Die Regierung Schröder, so das Verfassungsgericht, habe das Parlament rechtswidrig nicht beteiligt - also den Parlamentsvorbehalt nicht beachtet, das Grundrecht des Bundestags negiert, das Grundgesetz verletzt. Das war deutlich, das ist deutlich, und das gilt nach wie vor.

Diese Klärung ist der FDP zu verdanken. Sie war 2003 die einzige Fraktion, die sich gegen die Missachtung der Parlamentsrechte wehrte. SPD und Grüne waren damals Regierungsparteien, sie fügten sich dem Schalten und Walten des Kanzlers Gerhard Schröder, der mit dem Awacs-Einsatz im Vorfeld des Irak-Krieges sein Nein zu diesem Krieg abfedern wollte.

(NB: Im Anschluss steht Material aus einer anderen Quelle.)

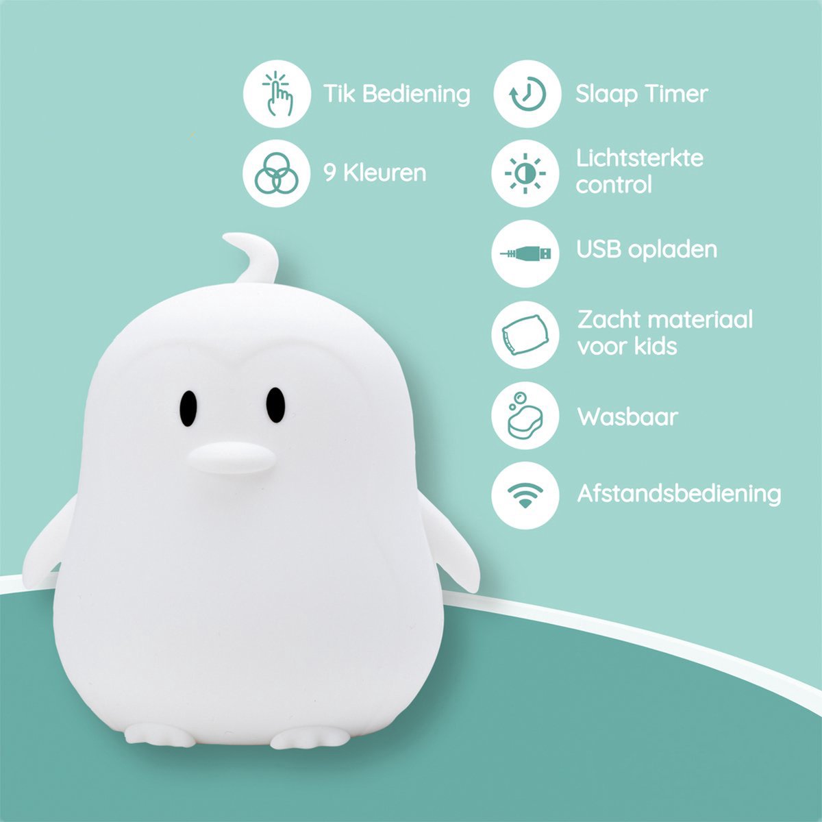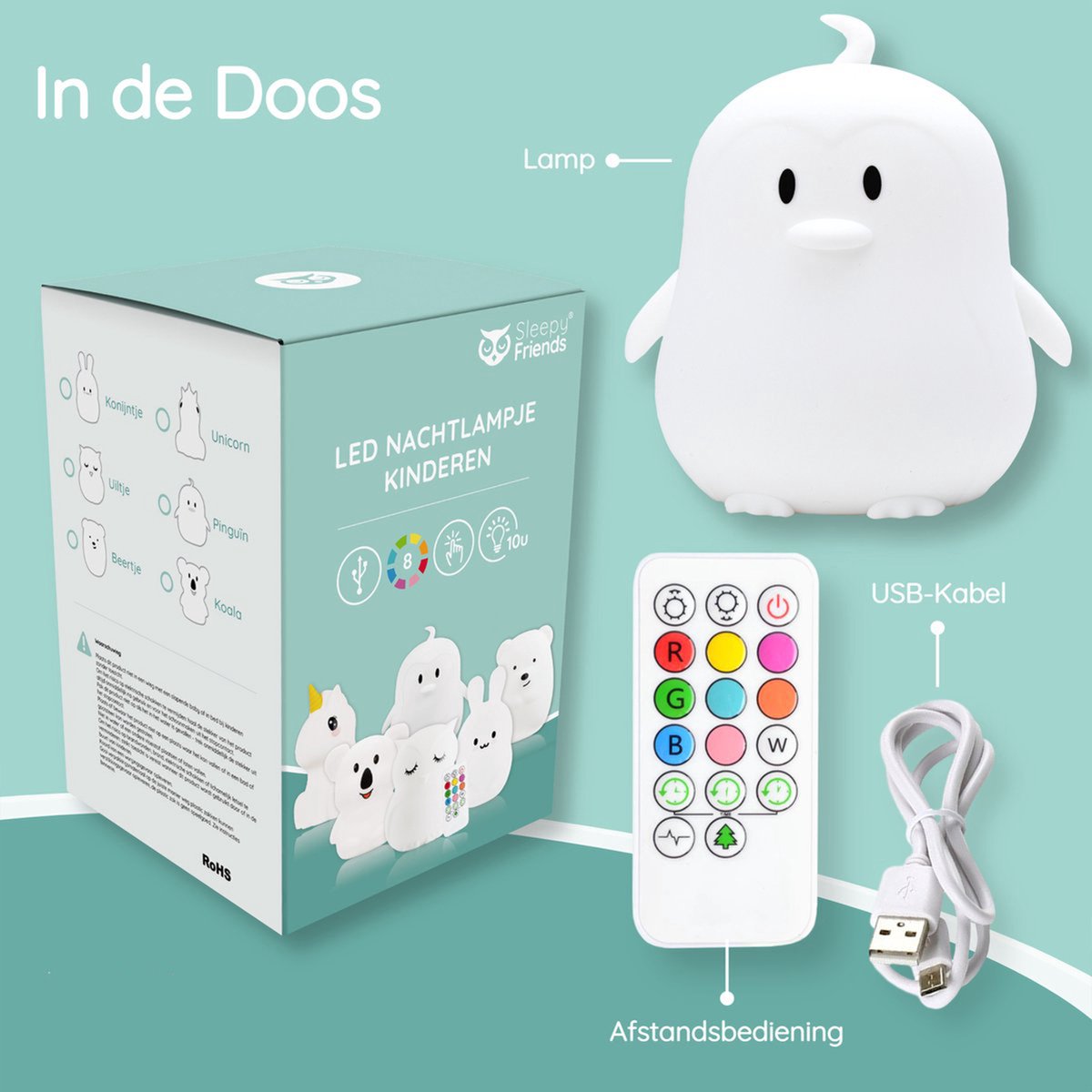 Sleepy Friends Pinguin-Nachtlicht für Kinder - 8 Farben LED - dimmbar & Touch - USB aufladbar - 95.2 x 97.4 x 100 mm - weiches Silikon

Es ist deshalb durchaus delikat, dass jetzt die Grünen das fordern, was sie noch 2003 für nicht notwendig hielten: eine Abstimmung des Bundestags über den aktuellen Awacs-Einsatz in der Türkei. Gleichwohl: Das Karlsruher Votum gilt - unabhängig davon, wer es erwirkt hat. Die FDP sitzt nicht mehr im Bundestag, aber hier wirkt sie fort.